Afghan security forces take up position around the scene of a gun battle with militants inside a Kabul Bank branch in Lashkar Gah, capital of Helmand province, on Wednesday.

AFP/Kabul

Taliban militants detonated a suicide bomb and stormed a bank in southern Afghanistan on Wednesday, killing five police and five civilians as the country endures a rise in violence as US-led Nato troops pull out.

The attackers forced their way inside after a bomb exploded at the entrance of the Kabul Bank branch in Lashkar Gah, the capital of the insurgency-racked province of Helmand.

"The blast at the gate was a suicide attacker blowing himself up to open the way for others to enter the building," Omar Zhwak, provincial spokesman for Helmand, said.

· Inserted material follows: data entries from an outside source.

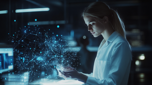 Create a hyperrealistic image depicting 'Unraveling the Magic of Transfer Learning in AI.' The scene should feature a modern technological environment where AI models are applying transfer learning to solve complex problems across different domains. Show neural networks, data flows, and AI systems transferring knowledge from one task to another. Include diverse professionals working with these models in labs or high-tech offices. The lighting is cinematic with practical light and diffused backlight, creating a bright, innovative atmosphere. Use a 55mm lens with depth of field, f/2.8 aperture for exquisite detail and sharp focus. Incorporate production-quality elements, realistic lens flare, and award-winning photography standards. Utilize Unreal Engine for realistic lighting, shadows, and reflections. Emphasize intricate details with a touch of CGI and VFX for a futuristic look. Ensure the overall image has a bright, innovative tone with realistic optics and tone mapping, adhering to professional cinema photography standards. --ar 16:9
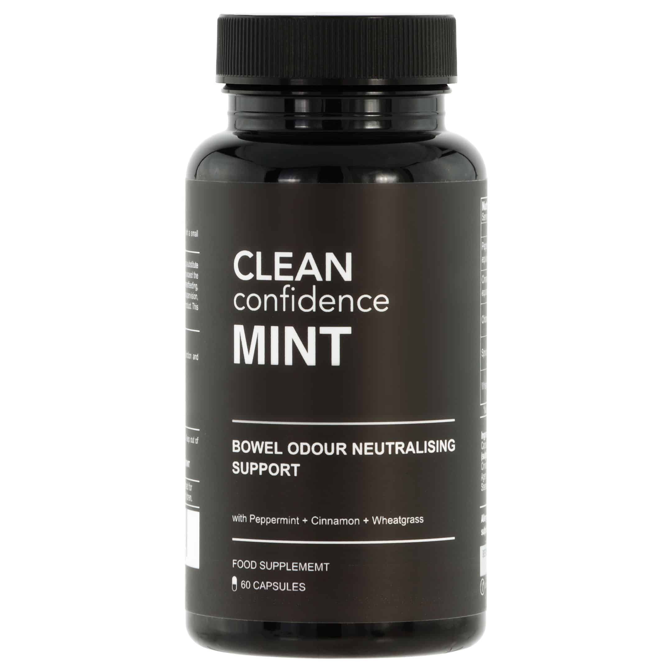 Promotes gut health, cleanliness and personal hygiene, with a focus on odor neutralization. As effective on flatulence smells as bad breath. 100% natural food supplement based on peppermint, cinnamon, wheatgrass, chlorella and spirulina. Take 2 capsules per day. Bottle of 60 capsules.
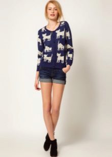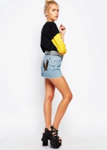 - Spektakularny wygląd odpowiedni na co dzień, a także na specjalne okazje. Spodenki z wysokim stanem, wąski sweter z jasnym nadrukiem i szpilki sandały noszone na błyszczących skarpetach. Obraz uzupełnia dżinsowa torba na długim pasku. Taki strój na pewno nie pozwoli ci pozostać niezauważonym!
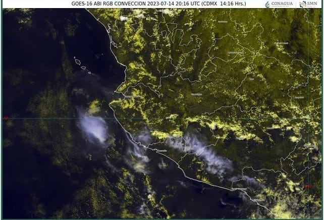 La Conagua estima que en el Pacífico Centro se estará registrando este sábado cielo medio nublado a nublado con lluvias puntuales fuertes en Nayarit y Jalisco; las cuales podrían incrementar los niveles de ríos y arroyos, y generar deslaves e inundaciones; además de chubascos en Colima y Michoacán.
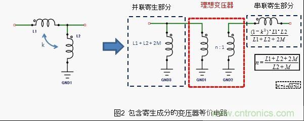 如果在這樣的天線中安裝一定變壓比的變壓器,是不能只整合一個band的阻抗的。所以,天線用變壓器,必備的設計需求是要使變壓比適應天線的阻抗頻率特性。這種適應方法如圖2所示,是一種將理想的變壓部分和寄生成分部分分解開來的等效電路。
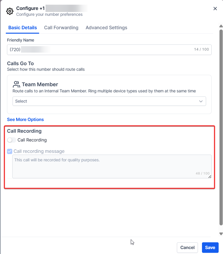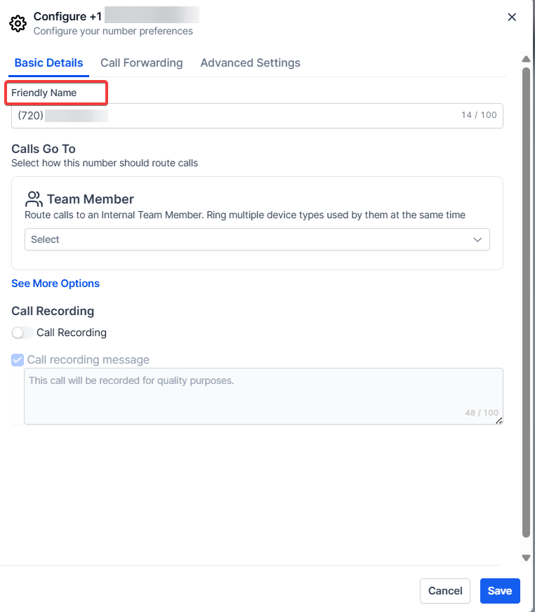 Section titled “Number Name”The Number Name serves as the internal identifier for the phone number. It could be something like a ‘main marketing number’ or the name of the employee assigned to the number.

"Ten people including five security forces were killed, and 14 people were wounded. There were three attackers inside the building and all were killed.

"It was the government employees' payday and they had all come to get their salaries."

A second remote-controlled bomb was triggered as ambulances arrived to take victims to hospital and wounded a further two civilians, Zhwak said.

Farid Ahmad Obaidi, Helmand's police spokesman, confirmed the incident, which comes as Afghanistan police and army take over security duties nationwide as US-led Nato forces pull out.

A Taliban spokesman claimed responsibility for the attack on the Kabul Bank branch, an institution that nearly collapsed in 2010 in a $900mn fraud case that underlined the endemic corruption in the country.

On December 31, the Nato combat mission in Afghanistan will end after 13 years of fighting the Taliban.

It will be replaced by a 12,500-strong support mission to advise and assist the Afghan security forces.

The recent spate of deadly attacks has targeted army buses, mine clearance teams and foreign compounds in Kabul.